▶ **Exercise prompt**: A verbatim copy of the data is wanted, minus any picture in it.

▶ **Supplied data**:

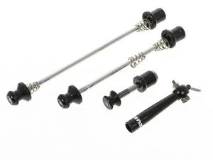 Quick release sæt med åbning der kun kan åbnes med den speciel-nøgle der medfølger og på den måde beskytter hjulene mod tyveri.
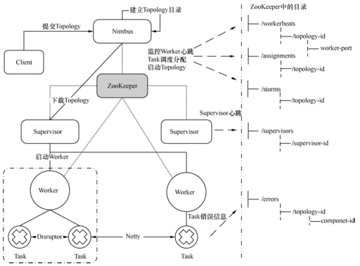 - zookeeper上建立assignments节点,存储task和supervisor中worker的对应关系。
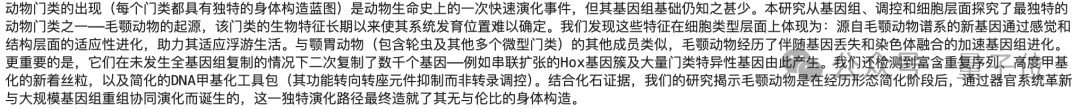 摘要选自Nature最新研究:《独特毛颚动物体型的基因组起源》。

▶ **Answer section**:
 Quick release sæt med åbning der kun kan åbnes med den speciel-nøgle der medfølger og på den måde beskytter hjulene mod tyveri.
 - zookeeper上建立assignments节点,存储task和supervisor中worker的对应关系。
 摘要选自Nature最新研究:《独特毛颚动物体型的基因组起源》。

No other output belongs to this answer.